REPUBLIKA.CO.ID, JAKARTA -- Alquran menyampaikan kecenderungan manusia ketika diberi kenikmatan dan kemalangan. Ketika diberi kenikmatan, manusia bergembira dan terlena. Sebaliknya ketika timpa kemalangan akibat kesalahannya, mereka putus asa dan ingkar. Hal ini dijelaskan Surah Ar-Rum Ayat 36 dan tafsirnya.
وَاِذَآ اَذَقْنَا النَّاسَ رَحْمَةً فَرِحُوْا بِهَاۗ وَاِنْ تُصِبْهُمْ سَيِّئَةٌ ۢبِمَا قَدَّمَتْ اَيْدِيْهِمْ اِذَا هُمْ يَقْنَطُوْنَ
Apabila Kami mencicipkan suatu rahmat kepada manusia, mereka gembira karenanya. (Sebaliknya,) apabila mereka ditimpa suatu musibah (bahaya) karena kesalahan mereka sendiri, seketika itu mereka berputus asa. (QS Ar-Rum: 36)
Dalam penjelasan Tafsir Kementerian Agama, ayat ini menerangkan perilaku kedua yang dapat mengantarkan manusia kepada kesyirikan adalah bila mereka diberi rahmat sedikit saja oleh Allah, mereka lupa daratan. Akan tetapi, bila ditimpa kemalangan sedikit saja, mereka putus asa lalu ingkar.
Dalam ayat ini, Allah juga menyatakan "mencicipkan" yang berarti bahwa yang dikaruniakan itu hanya sedikit. Karunia itu antara lain berupa harta benda. Oleh karena itu, bagaimana pun banyak harta, itu tidak ada bandingannya dengan kebahagiaan yang akan diberikan-Nya di akhirat.
Akan tetapi, sebagian manusia ada yang terlena dengan karunia Allah di dunia itu, lalu lupa daratan. Mereka mengingkari Allah, dan tidak mempedulikan lagi semua perintah dan larangan-Nya. Mereka mau mengorbankan kebahagiaan mereka yang abadi di akhirat itu hanya dengan kenikmatan yang tidak berarti dan sementara di dunia.
Akibatnya, mereka akan diazab kelak di akhirat.
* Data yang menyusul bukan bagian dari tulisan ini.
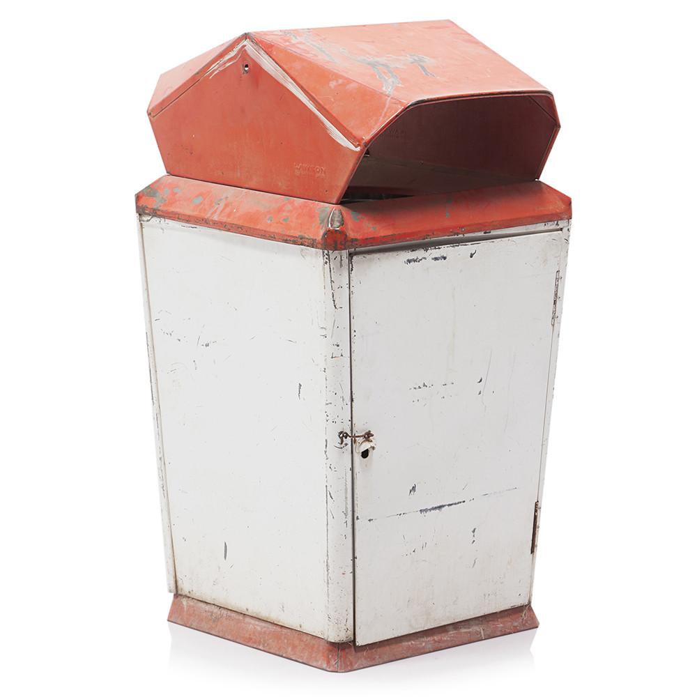 Details: Metal, White, Red Top, TrashcanDimensions: 48" H x 24" W x 25" D

Sebaliknya, bila mereka mendapat penderitaan yang diakibatkan kesalahan mereka sendiri, mereka cepat putus asa.
Potongan ayat ini mengisyaratkan bahwa dunia itu tidak selamanya menyenangkan, tetapi akan diselingi kesusahan. Senang dan susah itu memang dipergilirkan oleh Allah, sebagaimana firman-Nya, "Tiap-tiap yang berjiwa akan merasakan mati. Kami akan menguji kamu dengan keburukan dan kebaikan sebagai cobaan (yang sebenar-benarnya). Dan hanya kepada Kamilah kamu dikembalikan." (QS Al-Anbiya': 35)
Oleh karena itu, manusia tidak boleh cepat terlena bila memperoleh nikmat dan tidak boleh cepat putus asa bila mendapat kesusahan.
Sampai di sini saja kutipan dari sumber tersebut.